Wheel alignment

Monday, 28 September 2020

The KTM 790 at 18 months - a progress report

 

A hooligan machine if  ever there was one!

An IAM friend of mine who has owned multiple European and Japanese bikes recently said, "There is a special corner of Hell reserved for MV and Moto Guzzi owners who can expect the full dealer workshop maintenance experience".  It was a tongue in cheek retort to someone he knew questioning the reliability of KTM's.  Indeed, several of my friends formed the shape of a cross with their fingers when I announced the intent to buy a Duke 790.  I guess that it's a widely held belief with some substance that Japanese bikes are generally more reliable than European or American ones but what's it really been like to own the 790 since March 2019?

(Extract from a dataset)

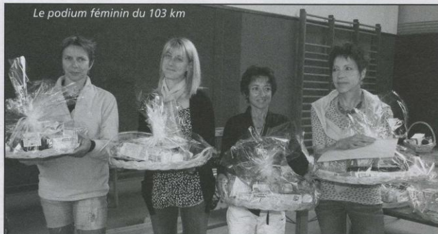
Le podium féminin du 103 km

Petite cérémonie conviviale, ce dimanche matin 15 mai, à la salle des sports où les coureurs et organisateurs étaient invités à clore la 4 e édition de l'ultra-trail et la 10 e des Coursières des Monts du Lyonnais qui s'étaient disputés la veille. Dans un souci d'équité et

Let's start by saying that I was aware that KTM's had a bit of a mixed reputation before I bought one but the test ride was so exhilarating (HERE) that I just had to own one.  I've rarely laughed out loud inside my helmet but I did multiple times on that day. 

RS 10 hypersport tyres on the demo bike taking a hiding on coarse road chip

The 1500 km review with all the early accessory purchases is HERE and there have been multiple other posts about various bits and pieces.  However, after 18 months ownership and 15,000 km, I thought it might be useful to pull together some thoughts about real life ownership over that time.  The distance covered ought to have been nearly twice that, but that's what C-19 and two eye surgeries do for you!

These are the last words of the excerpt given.